Consistent Risk Estimation in Moderately High-Dimensional Linear Regression

Risk estimation is at the core of many learning systems. The importance of this problem has motivated researchers to propose different schemes, such as cross validation, generalized cross validation, and Bootstrap. The theoretical properties of such estimates have been extensively studied in the low-dimensional settings, where the number of predictors $p$ is much smaller than the number of observations $n$. However, a unifying methodology accompanied with a rigorous theory is lacking in high-dimensional settings. This paper studies the problem of risk estimation under the moderately high-dimensional asymptotic setting $n,p \rightarrow \infty$ and $n/p \rightarrow \delta>1$ ($\delta$ is a fixed number), and proves the consistency of three risk estimates that have been successful in numerical studies, i.e., leave-one-out cross validation (LOOCV), approximate leave-one-out (ALO), and approximate message passing (AMP)-based techniques. A corner stone of our analysis is a bound that we obtain on the discrepancy of the `residuals' obtained from AMP and LOOCV. This connection not only enables us to obtain a more refined information on the estimates of AMP, ALO, and LOOCV, but also offers an upper bound on the convergence rate of each estimate.
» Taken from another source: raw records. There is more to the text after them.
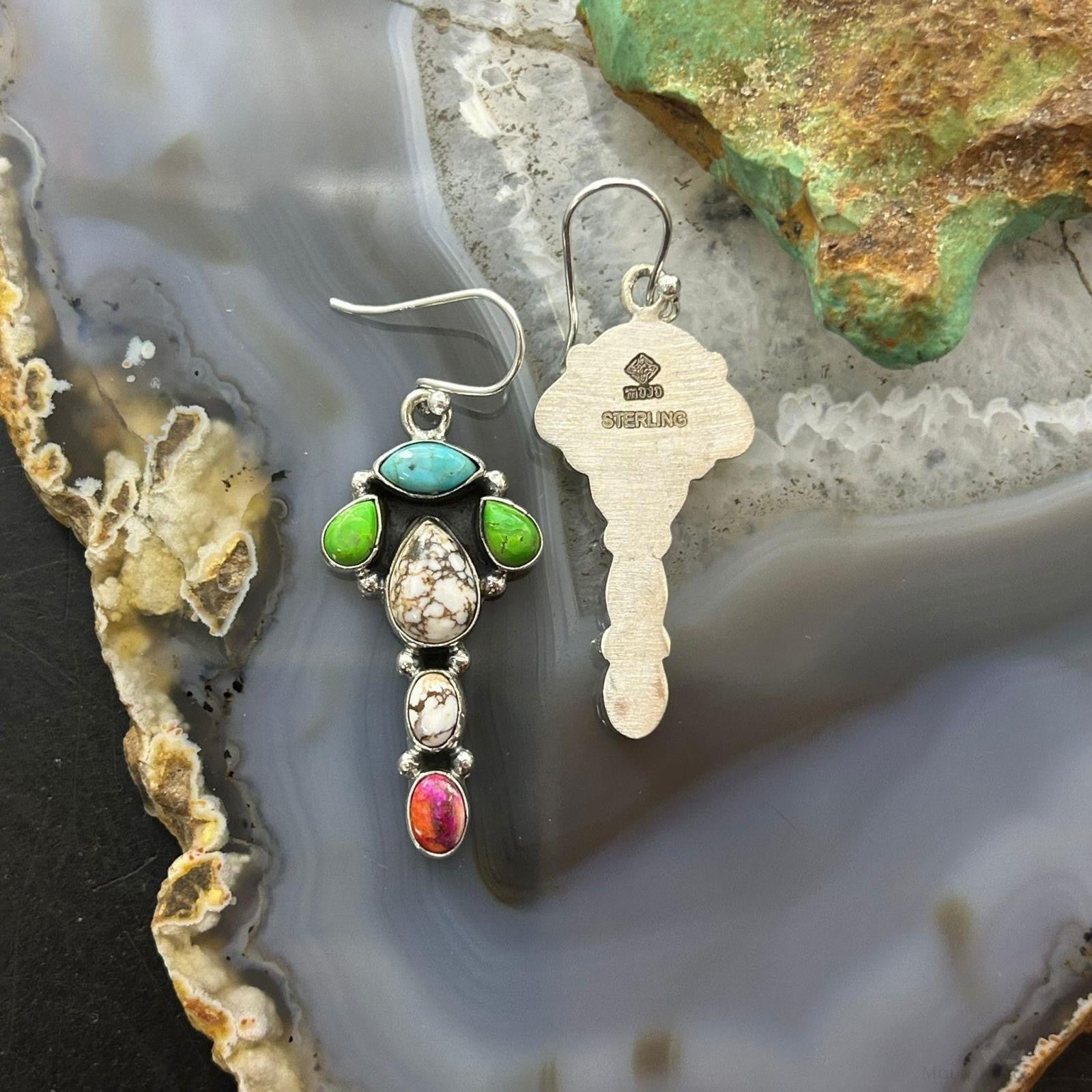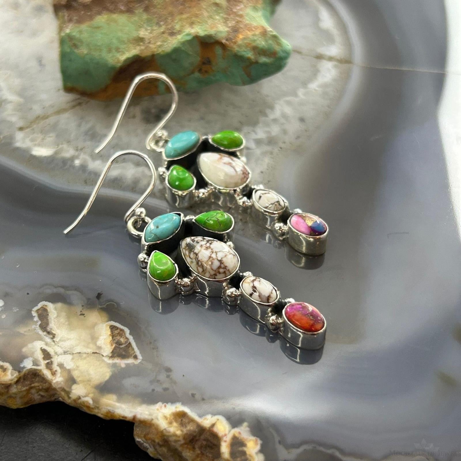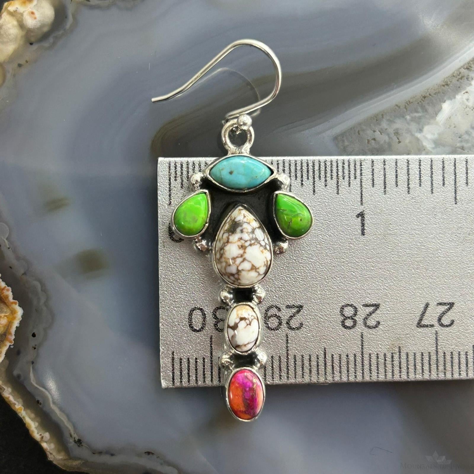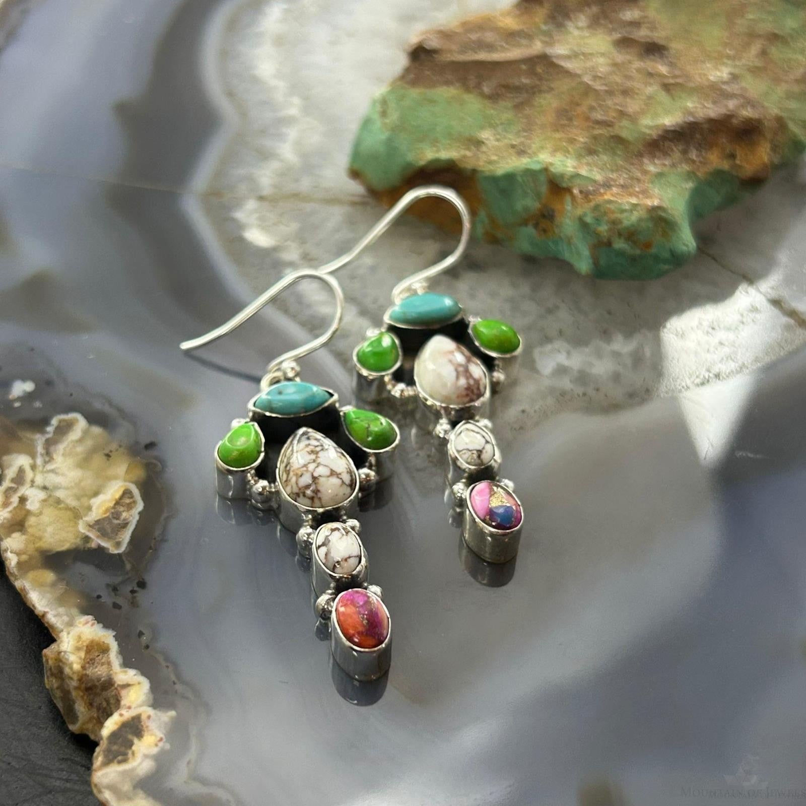 Sterling Silver Southwestern Style Multistone Dangle Earrings For Women #6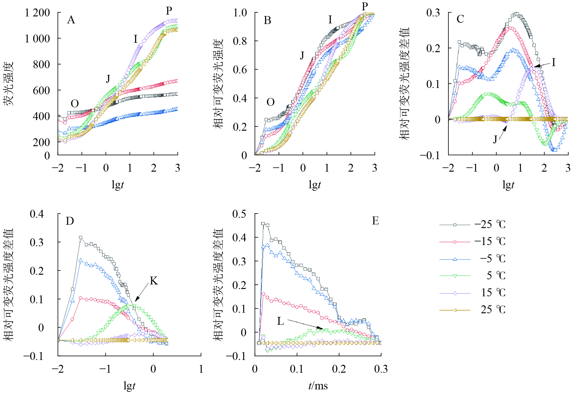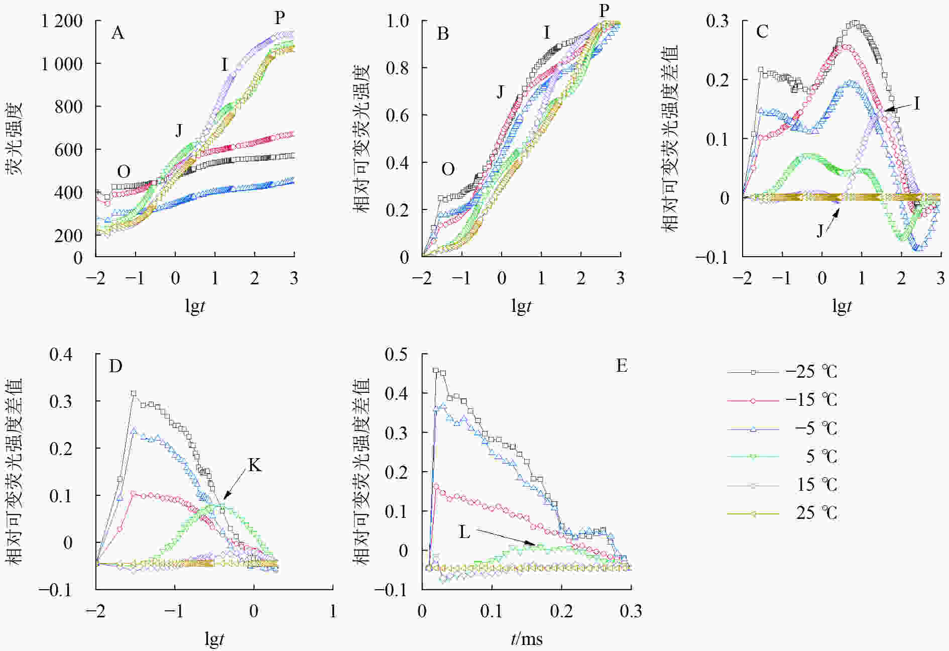 由图2可知:5、15和25 ℃处理下OJIP曲线出现O、J、I、P各相(图2A、B),表明这些温度下电子传递链运转正常;−5、−15和−25 ℃的OJIP曲线较为平缓(图2A),缺少J相和I相(图2B)。将标准化的各处理曲线与ck相减,可见J相和I相合并,并且在光照极短时间(约0.03 ms)出现1个较大峰(图2C),表明电子传递链严重受阻。OJIP曲线在5 ℃出现典型的K点(图2D)和L点(图2E),表明PSⅡ供体侧和PSⅡ反应中心受损。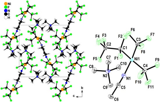 Crystal structure of cis-(NMe4)[Ni(CF3)2(C2F5)(MeCN)] (2) viewed along the crystallographic a axis (left) and molecular structure (right), shown as an ORTEP plot at 40% probability (H atoms omitted). The split occupancy of 20% (NMe4)[Ni(CF3)3(MeCN)] (1) was omitted for clarity.
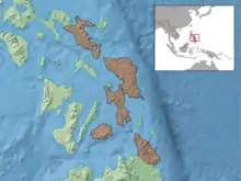 Cette espèce est endémique des Philippines. Elle se rencontre dans les îles de Samar, de Leyte, de Tintiman, de Tilmubo, de Lapinig Chico, de Lapinig Grande et dans le Sud de Luçon[2].
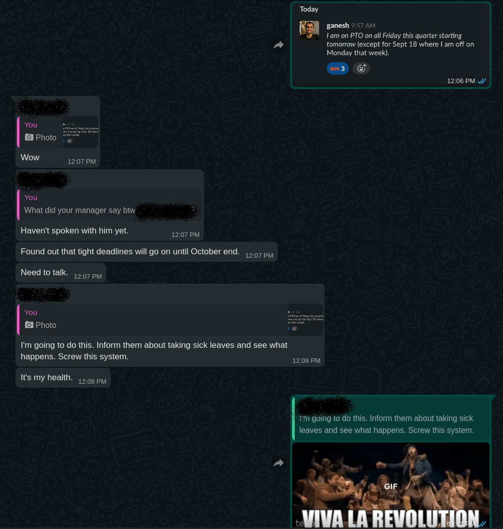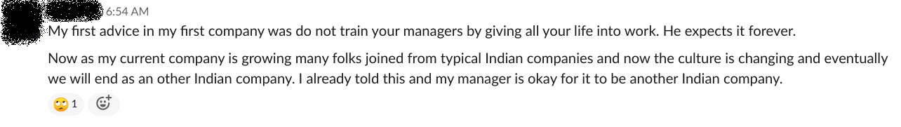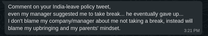 And finally friends, I've asked this on Twitter, and only got back a few Indian companies that have good vacation policy. I'd love to find out more, and maybe even create a list of companies that have generous vacation policy and execution (making sure people are actually taking time off). I'd love to talk to founders and leaders on what they think about a minimum vacation requirement for every employee. Reach out to me on Twitter @putadent.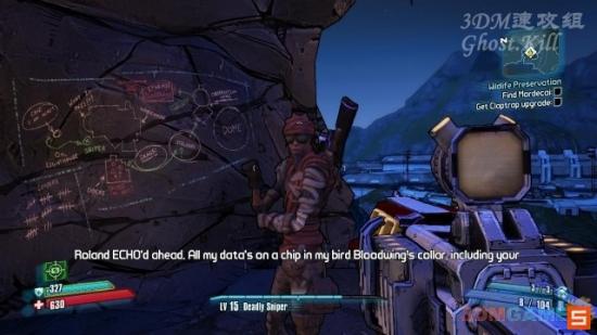 杀死BOSS拿到他脖子上的物品,返回庇护所找Claptrap,把东西交给他。去总部与Roland交谈完成章节。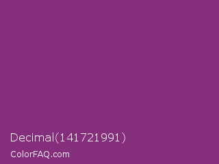 Decimal 141721991 Color is a normal magenta color and the nearest color is Razzmic Berry Crayola #843179. Hex code #852e7b and RGB value is rgb(133,46,123). In RGB color space, this color is composed of 52% red, 18% green, 48% blue, In CMYK color space, this color is composed of 0% cyan, 65% magenta, 8% yellow , 48% black , In HSL color space, this color has a hue angle of 307° , 49% saturation and 35% lightness.
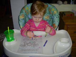 Rylee has been in daycare 2 days a week for the last 2 months. She is really starting to enjoy it! Every month, they make an art project. In September, it was apple trees made out of Rylee’s hands, October was a “haunted house” with a ghost in the doorway made of Rylee’s footprint. I can’t wait to see what November’s artwork is! Another thing they do is color pictures. So, we have started doing that at home too. She is still working on getting the hang of crayon on paper, but she enjoys playing with the crayons and does a little scribble here and there. Putting her in her high chair with some crayons is a great way for me to get dinner made without interruption!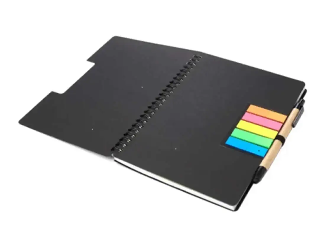 Cuaderno Eco espiralado de material Kraft. 70 hojas de papel obra blanco. Hojas rayadas. Entretapa con 5 colores de post-its. Bolígrafo Ecológico retráctil con puntera touch, incluido en elástico portabolígrafo. Medidas cerrado: 21 cm x 15 cm. Colores: Natural, Negro.
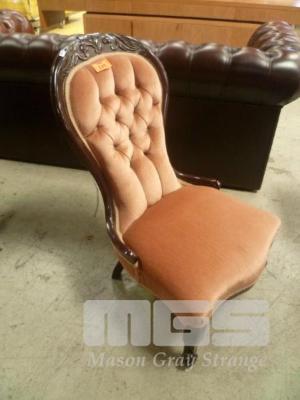 VINTAGE GRANDMOTHER CHAIR, ORNATE CARVED TIMBER, PINK VELVET, DEEP BUTTON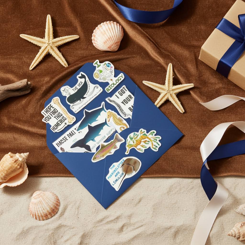 Pack de 10 stickers autoadhesivos con motivos relacionados a la biología marina.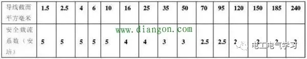 說(shuō)明:十下五是指導線(xiàn)截面在10平方毫米以下,每平方毫米的安全電流為5安培;百上二是指導線(xiàn)截面在100平方毫米以上,每一平方毫米安全電流為2安培;二五三五四三界是指導線(xiàn)截面在16平方毫米、25平方毫米,每1平方毫米安全電流為4安培,導線(xiàn)截面在35平方毫米和50平方毫米,每1平方毫米安全電流為3安培;七零、九五兩倍半是指每1平方毫米的安全電流為2.5安培;裸線(xiàn)加一半,銅線(xiàn)升級算是指截面的裸導線(xiàn),可按絕緣導線(xiàn)乘以1.5倍計算安全電流,同截面的銅導線(xiàn)按鋁導線(xiàn)大一線(xiàn)號等級計算安全電流;穿管溫度八、九折是指導線(xiàn)穿管乘系數0.8,高溫場(chǎng)所實(shí)用乘以系數0.9。www.diangon.com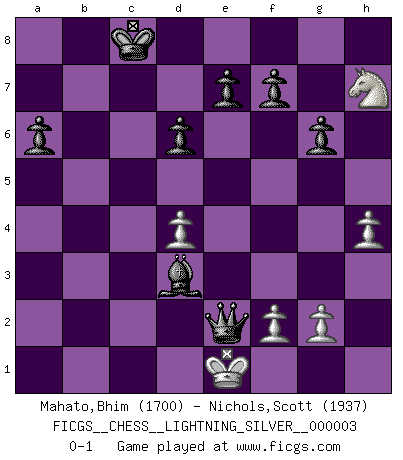 Last move : 0-1 2010 January 24 20:32:42 [Event "FICGS__CHESS__LIGHTNING_SILVER__000003"] [Site "FICGS"] [Date "2010.01.24"] [Round "1"] [White "Mahato,Bhim"] [Black "Nichols,Scott"] [Result "0-1"] [WhiteElo "1700"] [BlackElo "1937"] 1.e4 d6 2.d4 Nf6 3.Nc3 g6 4.Be3 a6 5.Be2 Bg7 6.e5 Nfd7 7.exd6 cxd6 8.Qd2 Nf6 9.Bh6 Bxh6 10.Qxh6 Nc6 11.O-O-O Bf5 12.Nf3 Qa5 13.Ng5 Nb4 14.Bc4 Kd7 15.Bb3 Rhc8 16.Rhe1 Rxc3 17.bxc3 Nxa2+ 18.Kb2 Nxc3 19.Ra1 Qb4 20.Nxh7 Nfd5 21.Qd2 Rc8 22.Kc1 Na2+ 23.Rxa2 Qxb3 24.Rb2 Qa3 25.Re2 Rc6 26.Kb1 Nc3+ 27.Qxc3 Rxc3 28.Rxb7+ Kc8 29.Rb2 Qa4 30.Kc1 Ra3 31.Rb1 Ra2 32.Kd1 Bxc2+ 33.Ke1 Bxb1 34.Rxa2 Qxa2 35.h4 Bd3 36.Kd1 Qc2+ 37.Ke1 Qe2+ 0-1 Pirc defense Queenside Castling by player White (move 11) Player Black won this chess game. Follow this game move after move (download)Chess is imagination. (David Bronstein) Über Frauen: Chess is better. (Robert James Fischer) Uno por uno, yo los acribillé, mi superioridad muy pronto se volvio aparente. (Jose Capablanca) Les réformistes prétendent que les progrès de la théorie conduiront à la disparition des échecs, et qu'il faut, pour leur rendre vie, en remanier les règles. En réalité, qu'exprime cette affirmation? Le mépris de l'intuition, de l'imagination et de tous les autres éléments qui font des échecs un art. (Alexander Alekhine) A good book on your shelf is a friend that turns its back on you and remains a friend. (Author unknown)

翻译：这一问题的重要性促使研究人员提出不同的计划,如交叉验证、普遍交叉验证和诱杀装置。这种估算的理论性质已经在低维环境中进行了广泛研究,在低维环境中,预测者美元的数量远远少于观测数量。然而,在高维环境中,缺乏一种带有严格理论的统一方法。本文研究了中度高度无空间设置下的风险估算问题,即,p\rightrow\infty$和$n/p\rightrow\delta>1美元(美元=delta$是一个固定数字),并证明了在数字研究中成功的三种风险估算的一致性,即,请假一次性交叉验证(LOOCV),近似假一出(ALO),以及近似信息传递(AMP)技术。我们分析的角落石石是我们从AMP和LOOC的“redialals”获得的“residalals”差异的束缚,但LOV估计数的上限也使我们无法在AMP和LOV的更新后获得。